Tract-specific analysis was perfomed according to the tractometry approach.27 Significant differences between healthy controls and patients with AUD among the human participants were calculated using a multivariate analysis of variance (MANOVA) on all microstructural parameters, with age as covariate. In rats, significant differences between different DTI points were tested using a repeated-measures MANOVA. Both MANOVAs were followed by post hoc t tests, corrected for multiple comparisons using the false discovery rate.28 The effect size was calculated as the difference between the parameter in the alcohol group and in the healthy control group, divided by the pooled SD (Cohen d statistic). Survival analysis was performed as described in the eMethods in the Supplement.
Signal Simulation
Because all water pools present in cerebral tissue contribute to the measured diffusion tensor, we simulated the effect of combining restricted, highly anisotropic water pools (representing water in axons) with an isotropic compartment of increasing volume fraction (which can represent glia and/or fluid accumulation). Details are reported in the eMethods in the Supplement.
Results
Difference Between Alcohol and Controls in the Whole WM Skeleton
The analysis included 91 men with AUD (mean [SD] age, 46.1 [9.6] years) and 27 male rats in the AUD groups and 36 men (mean [SD] age, 41.7 [9.3] years) and 9 male rats in the control groups. Our first aim was to compare the maps measured in patients with AUD at TP1h-A with those measured in controls. Patients with AUD had widespread microstructural abnormalities, namely reduced fractional anisotropy and axial diffusivity and increased mean and radial diffusivity, compared with controls (Figure 1A and B and eFigure 2A and B in the Supplement) at P < .05 level, corrected for multiple comparisons. The mean ΔP over the significant voxels was −7% for fractional anisotropy, 6% for mean diffusivity, −9% for axial diffusivity, and 11% for radial diffusivity. The differences followed a complex pattern, which depends on modality and region, with a preferential involvement of frontal and superior white matter, and were most widespread in fractional anisotropy. According to the lateralization analysis results reported in eFigure 3 in the Supplement, voxels with significant differences were preferentially located in the right hemisphere for fractional anisotropy, mean diffusivity, and radial diffusivity, whereas they were more prevalent in the left hemisphere for axial diffusivity.

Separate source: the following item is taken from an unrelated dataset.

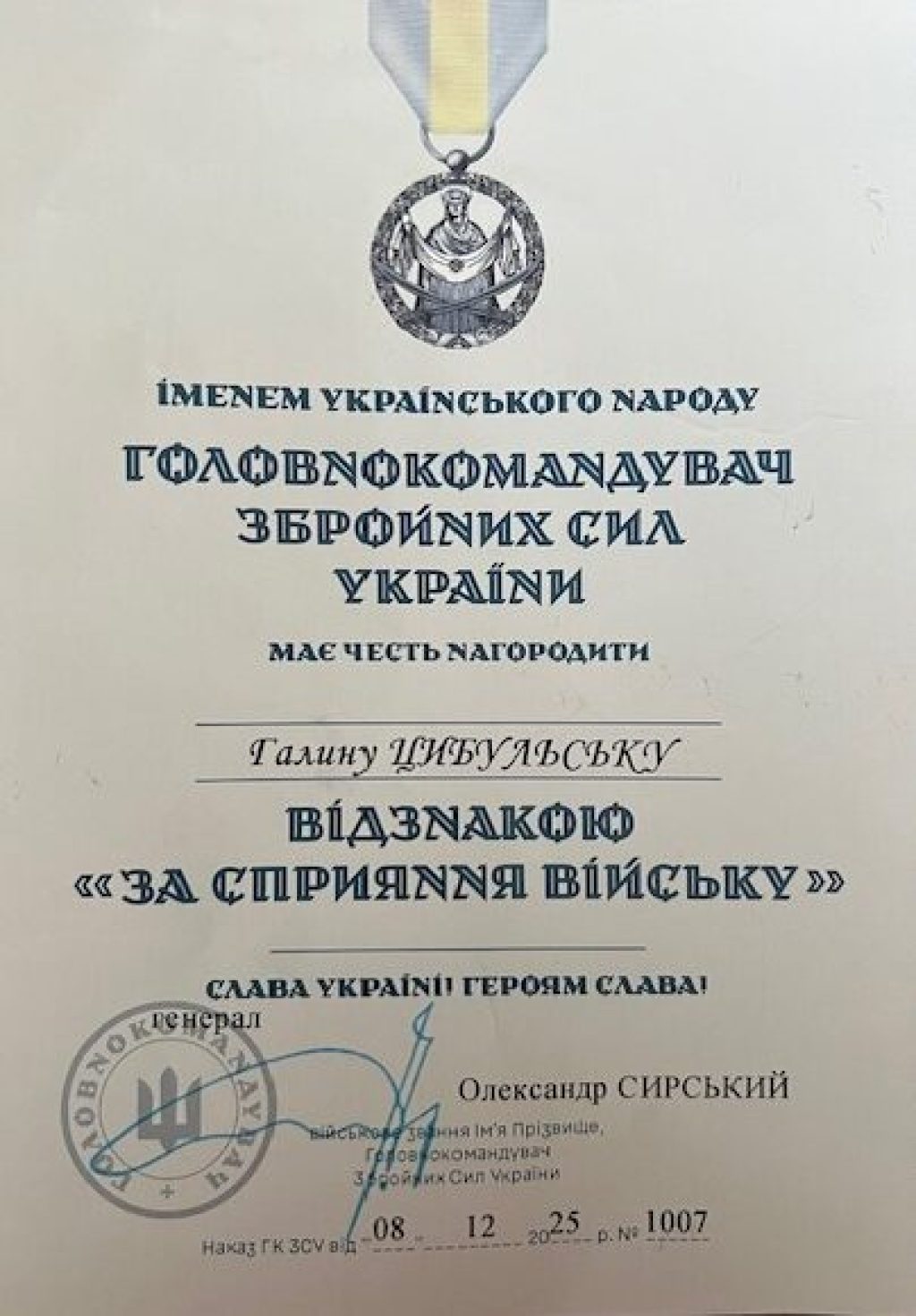 Органи місцевого самоврядування та громада вітають Галину Цибульську з високим визнанням її діяльності та подякою військових за вагомий внесок у підтримку армії.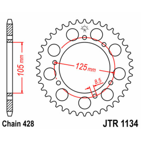JT SPROCKETS Acél Standard Hátsó Láncsor 1134 - 428

Figure 1. Differences Between Alcohol Use Disorder (AUD) Cohorts and Controls in the White Matter Skeleton.
Tract-based statistical analysis shows cross-sectional differences in the white matter skeleton between controls and the AUD cohort undergoing diffusion tensor imaging 1 week after detoxification (TP1h-A) for fractional anisotropy and mean diffusivity and longitudinal differences between baseline (TP0r-A) and at 4 weeks (TP1r-A) of the 2-bottle free-choice paradigm in rats for fractional anisotropy and mean diffusivity. Thick tracts are significant tracts (P < .05 corrected, obtained using the fsl tool tbss_fill); thin tracts are points just below the P value threshold (P = .05 to P = .10). The results for the other microstructural parameters (axial diffusivity and radial diffusivity) are reported in eFigure 2 in the Supplement.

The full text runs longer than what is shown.